Последняя поэма - Дмитрий Щербинин
Шрифт:
Интервал:
Закладка:
Часть 2. Шелест
В окончании прошлой части, я сказал, что в небольшом промежутке бумаги, намерен помянуть о многом. Действительно — так и вышло. Я ничего не скажу о путешествии через Казад-Дум, и в объяснении этого приведу только слова Фалко, которые были сказаны в предрассветный, апрельский час на дороге:
— Чувствуешь, чувствуешь ли, друг Хэм, как здесь все мило… Ах, какая же прелестная эта ночь! Ты ведь чувствуешь: воздух здесь такой особенный, какого нигде, нигде, даже в эльфийских садах, даже, уверен, в самом Валиноре нет! Он обнимает, он ласкает этой тьмою мягкой, он врачует… Смотри, смотри — это же Ижевичный овраг — совсем не изменился, будто и не уходил отсюда, будто и не было ничего… А, может, и правда ничего не было…. может — все дурной сон? Вот сделаю еще несколько шагов и… Даже и не верится — Холмищи увижу. Быстрее-быстрее, Хэм, друг ты мой милый! Ну, скажи, что — это был сон, что нам сейчас по двадцать, что вся жизнь впереди, и не было никаких драконов, и никаких орков, и никаких воронов…
И стоило ему помянуть про ворона, как безмятежный, но, вместе с тем, и трепетный покой апрельской ночи, словно резкий удар кнута расколол вороний крик — правда пришел он издали, и тут же смолк, и сомкнула эту заставившую их вздрогнуть рану, безграничная ночь.

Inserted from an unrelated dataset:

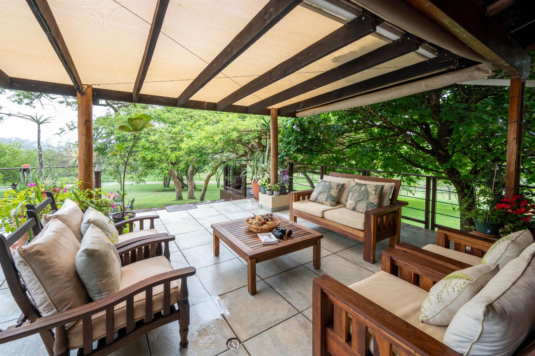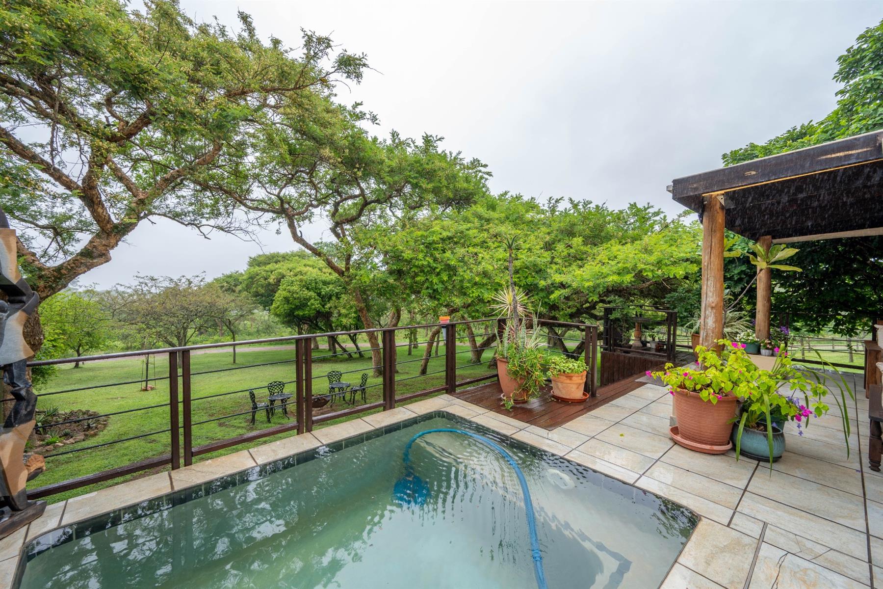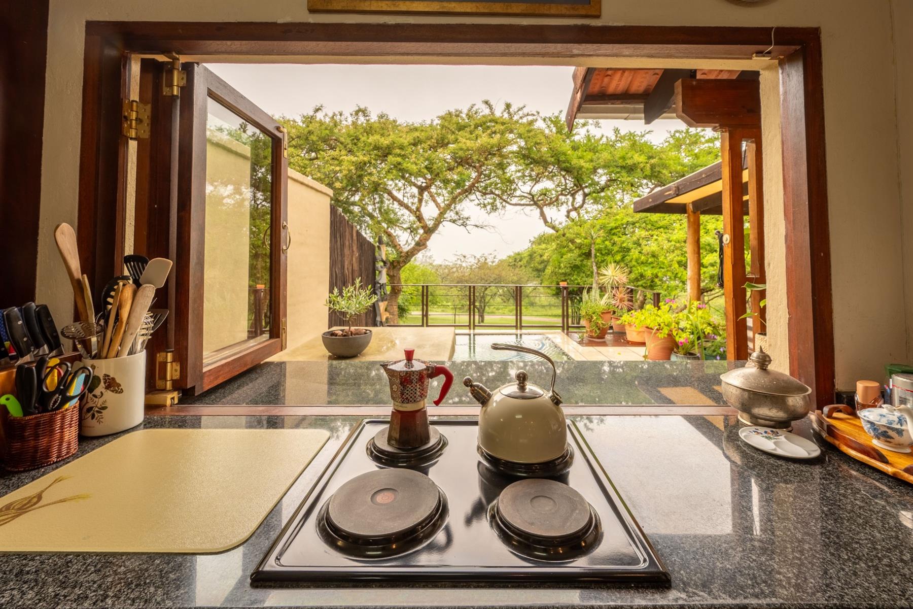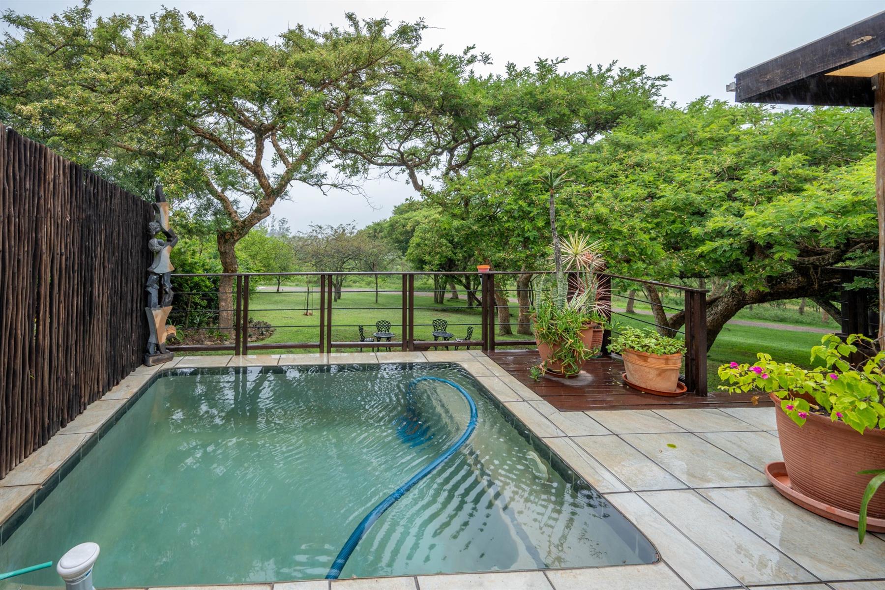The heart of the home is the open-plan kitchen and dining area, which is adorned with elegant granite tops and is equipped with an oven and hob. Adjacent to the kitchen, the scullery offers additional space and functionality, making it ideal for managing household tasks. The inviting lounge area, complemented by sliding doors, leads out to a covered patio, perfect for enjoying the scenic views of the nature reserve.

Звезды мягко сияли над их головами, Млечный путь тянулся через невообразимый простор, сиял мельчайшей, ласкающей взгляд, светящейся пылью звезд, так же как и сорок лет назад, и, глядя на это спокойствие, на тысячелетнюю неизменность, действительно казалось, что все страсти, которые вихрили их в течении всех последних лет, были не больше, чем дурной сон.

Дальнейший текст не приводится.